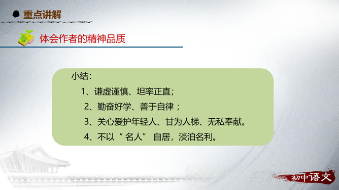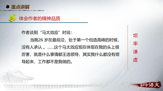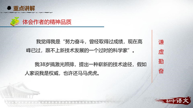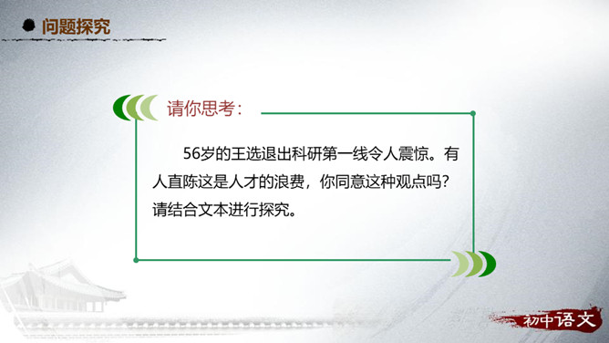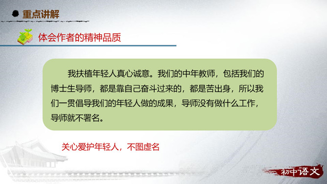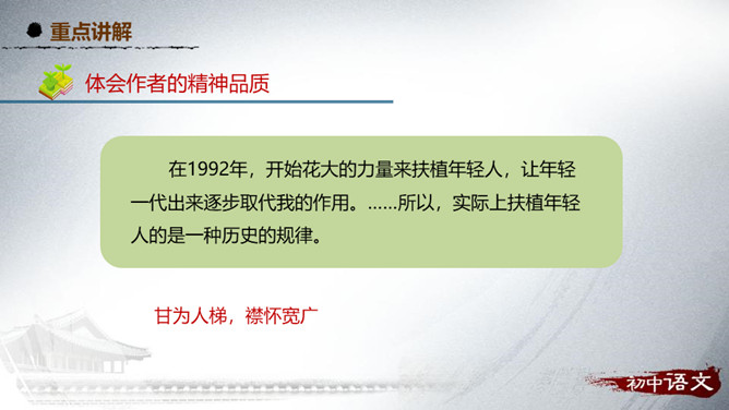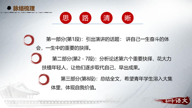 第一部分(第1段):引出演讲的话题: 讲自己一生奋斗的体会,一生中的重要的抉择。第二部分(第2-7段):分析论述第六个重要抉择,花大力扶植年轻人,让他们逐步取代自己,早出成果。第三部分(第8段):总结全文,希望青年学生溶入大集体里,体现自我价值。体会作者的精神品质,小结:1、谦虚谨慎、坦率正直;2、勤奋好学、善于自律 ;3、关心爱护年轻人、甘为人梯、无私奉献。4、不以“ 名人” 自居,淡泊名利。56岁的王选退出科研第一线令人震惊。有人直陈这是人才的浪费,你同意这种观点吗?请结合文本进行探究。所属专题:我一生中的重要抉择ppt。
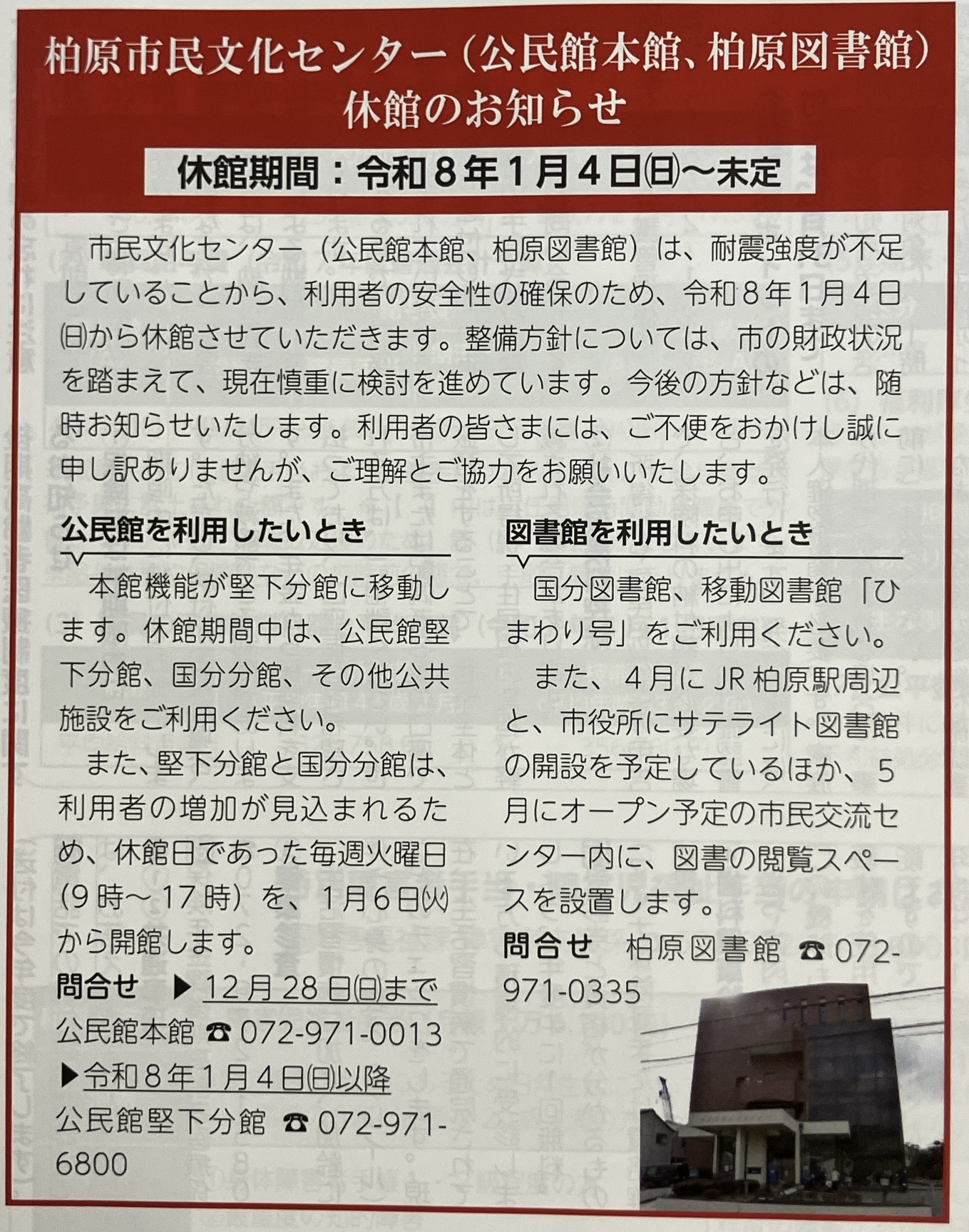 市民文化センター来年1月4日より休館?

---

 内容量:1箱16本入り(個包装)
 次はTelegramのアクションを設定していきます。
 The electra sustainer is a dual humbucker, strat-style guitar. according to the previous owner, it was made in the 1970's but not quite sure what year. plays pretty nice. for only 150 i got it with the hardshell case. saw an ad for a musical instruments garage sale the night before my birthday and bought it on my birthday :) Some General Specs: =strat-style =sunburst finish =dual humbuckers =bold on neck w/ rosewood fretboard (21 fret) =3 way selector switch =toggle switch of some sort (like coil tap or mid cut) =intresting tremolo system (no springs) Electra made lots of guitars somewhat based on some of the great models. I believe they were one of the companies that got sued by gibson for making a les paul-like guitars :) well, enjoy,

...

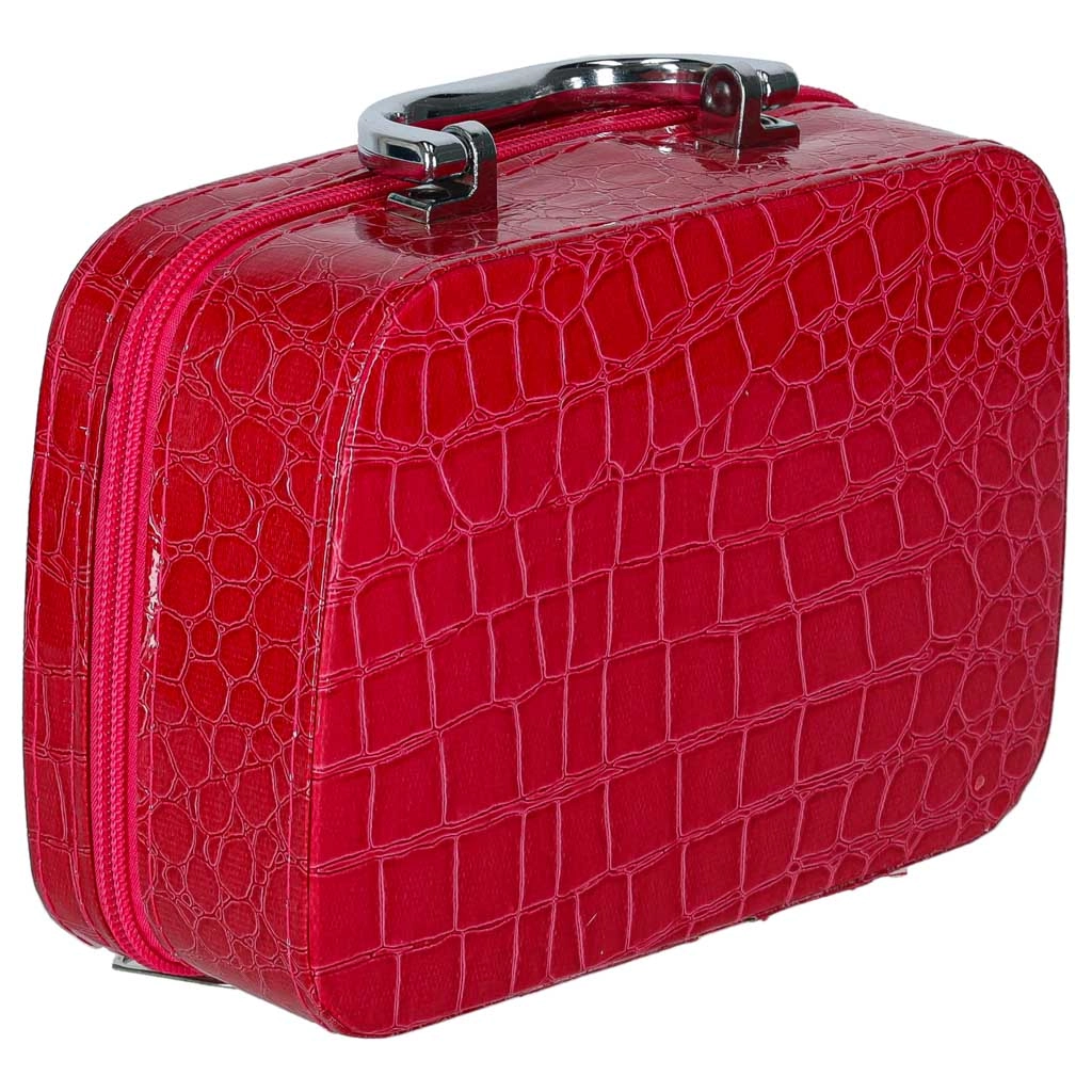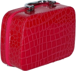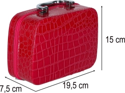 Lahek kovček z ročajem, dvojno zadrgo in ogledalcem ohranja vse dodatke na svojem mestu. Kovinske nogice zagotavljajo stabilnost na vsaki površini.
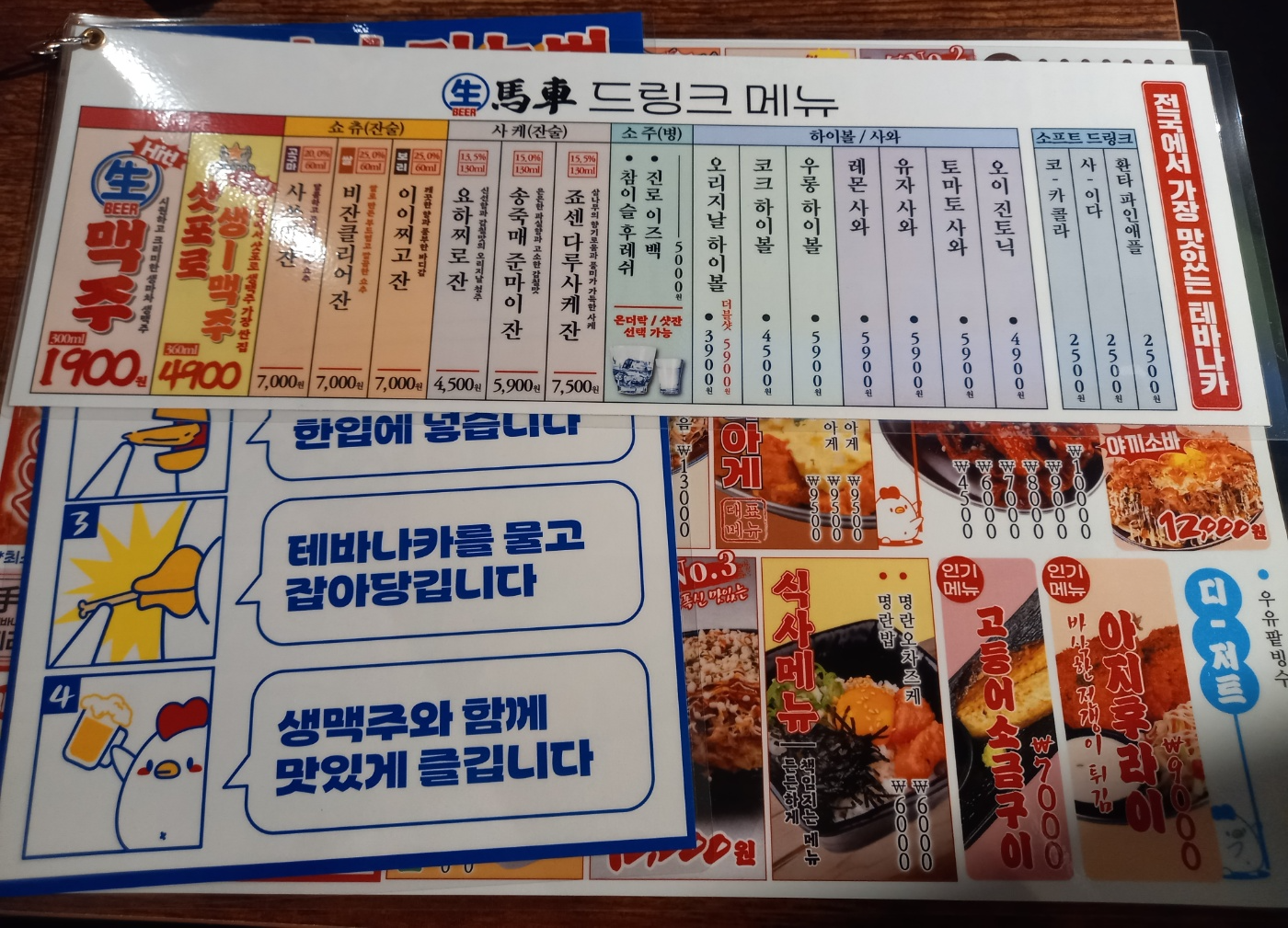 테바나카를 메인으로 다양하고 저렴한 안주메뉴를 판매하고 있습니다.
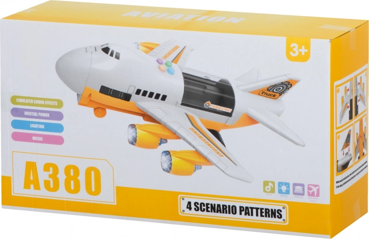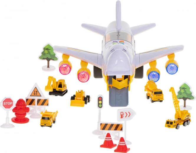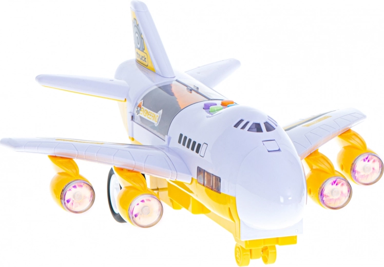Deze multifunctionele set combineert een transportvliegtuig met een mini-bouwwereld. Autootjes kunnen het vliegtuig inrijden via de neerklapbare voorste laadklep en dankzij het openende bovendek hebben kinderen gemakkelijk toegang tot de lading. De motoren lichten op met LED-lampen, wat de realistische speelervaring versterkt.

> WHAT IS NEEDED
Print the lines above from the one with "内容量:1箱16本入り(個包装)" through the one with "The electra sustainer", both included, exactly as written and nothing more.

> THE COMPLETED TASK
 内容量:1箱16本入り(個包装)
 次はTelegramのアクションを設定していきます。
 The electra sustainer is a dual humbucker, strat-style guitar. according to the previous owner, it was made in the 1970's but not quite sure what year. plays pretty nice. for only 150 i got it with the hardshell case. saw an ad for a musical instruments garage sale the night before my birthday and bought it on my birthday :) Some General Specs: =strat-style =sunburst finish =dual humbuckers =bold on neck w/ rosewood fretboard (21 fret) =3 way selector switch =toggle switch of some sort (like coil tap or mid cut) =intresting tremolo system (no springs) Electra made lots of guitars somewhat based on some of the great models. I believe they were one of the companies that got sued by gibson for making a les paul-like guitars :) well, enjoy,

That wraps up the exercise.